Sometimes there were moments of hesitation: someone accidentally called him 'Petrianna', or 'Anna', or 'her'. They apologized, though, and as the years passed they improved, and the world continued to spin as normally as it could. Peter wrote letter upon letter to Nathan about how the whole introduction thing went, how the barber shop was great, how nice a friend Hiro Nakamura is, and how his head felt really light without the extra curls holding him down. Nathan wrote back in a calmer, nicer handwriting, and he mentioned how he was absolutely sure Peter was the most handsome kid in class-'don't break any girls' hearts yet, Pete'. That made Peter grin the most.
By December, Peter had to go get another haircut, and his father went with him this time, saying the floppy look was unclean and unbecoming of a Petrelli man. When Christmas rolled around, Peter got Star Trek things and superhero comics and a skateboard. When his first attempt at an ollie fell short, Angela walked into the living room with a box and put it on the couch for Peter to open. From the Nakamuras. His kimono.

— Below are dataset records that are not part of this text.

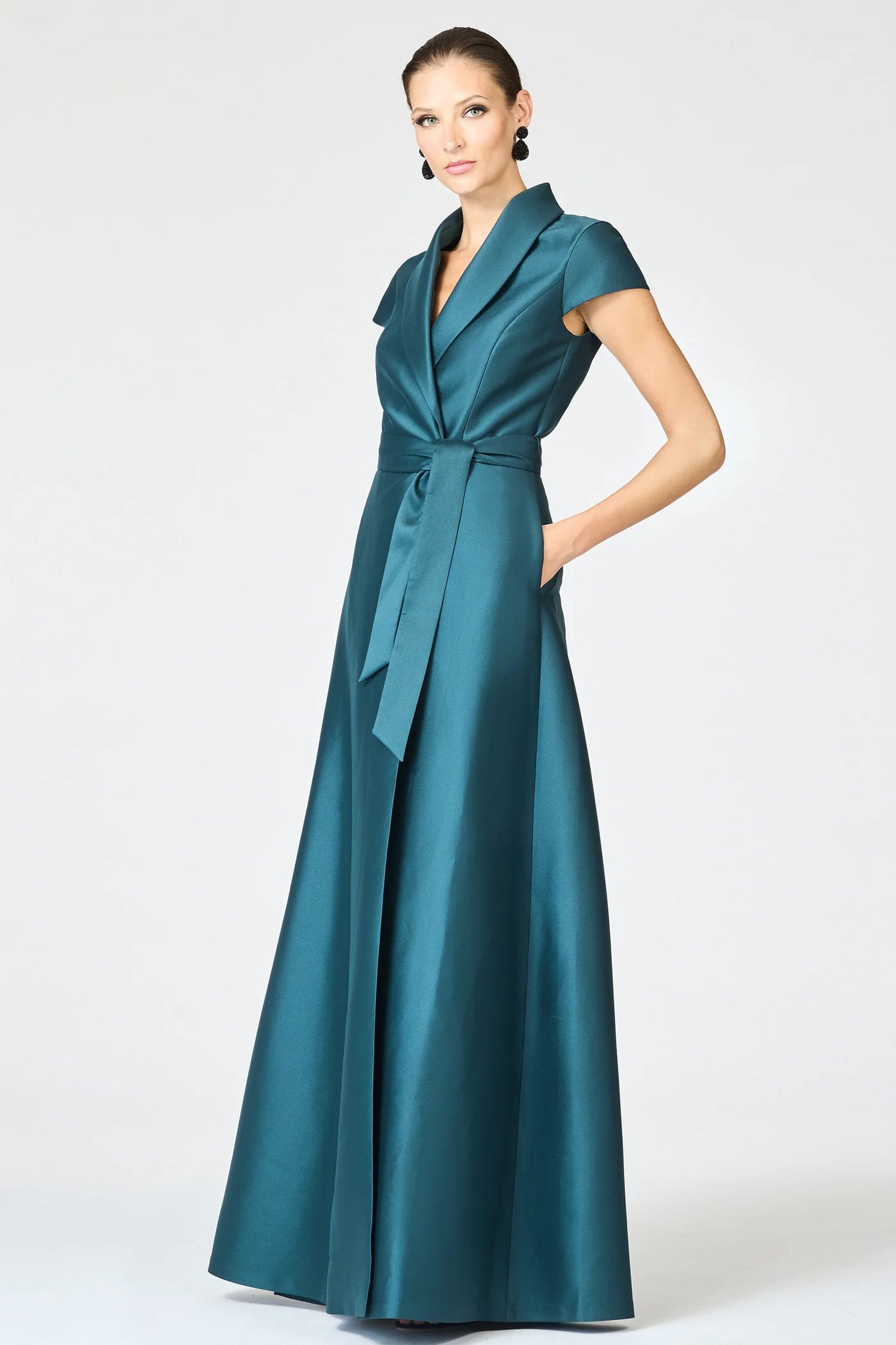 The Ettiene Gown in Forest Green is a striking, modern take on timeless tailoring. Crafted in lustrous mikado, it features a notched collar and wrap-front bodice that cinches at the waist with a matching tie belt. Short sleeves and a floor-length A-line skirt with subtle volume create an elegant, structured silhouette, while side pockets add an effortless, contemporary touch. Perfect for galas, formal events, or evening occasions where polished sophistication is key.
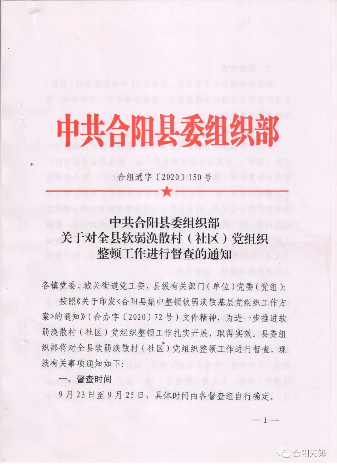 为深入推进全县软弱涣散村(社区)党组织整顿工作扎实开展,近日,合阳县委组织部成立六个督查组对全县22个软弱涣散村(社区)党组织整顿工作进行专项督查。
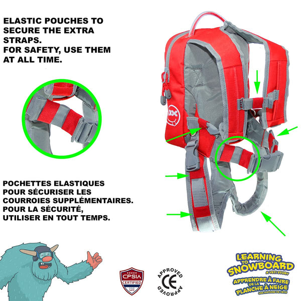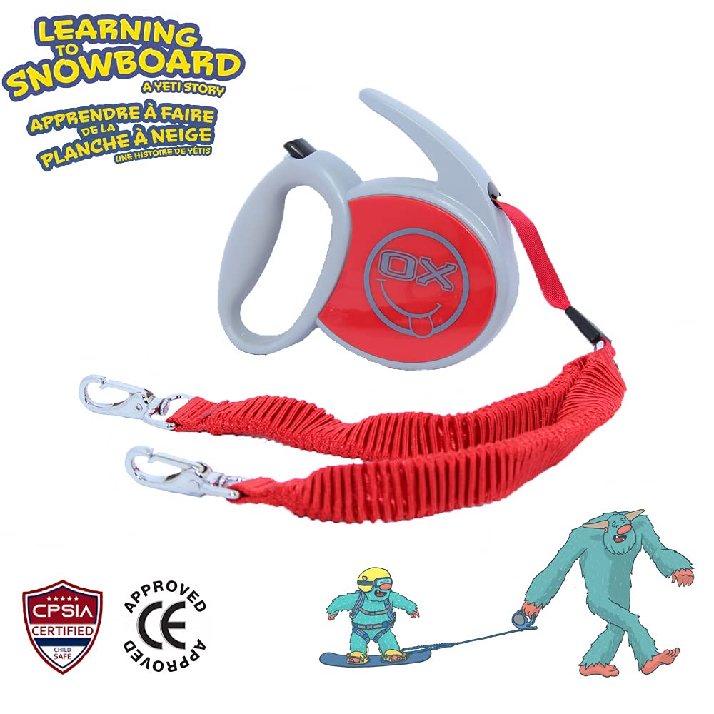 NEW Winter 2022 MDXOne OX with Yetis logos was designed with quality, comfort, and safety in mind The 16 foot retractable leash allows you to control the distance of your child on the ski slope with the push of a button The 12-inch bungee cord attachments allow your child to have the flexibility they need to learn and the shock absorption that you need to teach Designed with three different settings to help beginning snowboarders and skiers progress to the next level in their on-slope education The training harness was designed for functionality and comfort The high quality padded backpack harness is more comfortable for your little guy or girl on the mountain The backpack contains two zippered storage areas, one to store the leash and attachments while youAre riding the chairlift, and the other for the all important snacks on the mountain The backpack also has two reinforced handles that allow you to quickly and easily pick your student up from the snow or lift them onto a chairlift The hook on the leash will allow you to pick up your child off the snow with ease Just hook up the leash to one of the handle and up you go You can also hook up the leash to the bungees when riding with your child between your legs (skiing) or side by side (snowboarding) This system was initially designed by a parent for his child in order to keep him safer and more comfortable than the other harnesses out there on the market Make sure to purchase our hardcover childrens book Learning to Snowboard A Yeti Story and get your little one excited about snowboarding

Peter remembered, suddenly, a tiny piece of wood sticking in his brain, that his kimono was going to be for a girl. He had a skateboard, though, he reminded himself, and he could always wait for next Christmas on the off-chance the Nakamuras decided to give him something again. Staring down at the box, he inhaled, then opened it. And his heart jumped up to his throat.
Ishi Nakamura had unraveled the old kimono patiently, separated every thread, brought it back to the most basic of sewing material. Hiro Nakamura had added new dye to change the color. Together, they'd sewn the kimono and started over, inch by slow inch, in a boy's style this time, over the two months since Peter's last visit. They'd taken the time-they'd put love and friendship and acceptance into every tiny stitch of the needle.
The new kimono was blue with gold trimmings, and it had a red dragon curling up at the back of it.
Peter wore it the rest of Christmas day, and continued to wear it until it started smelling funny.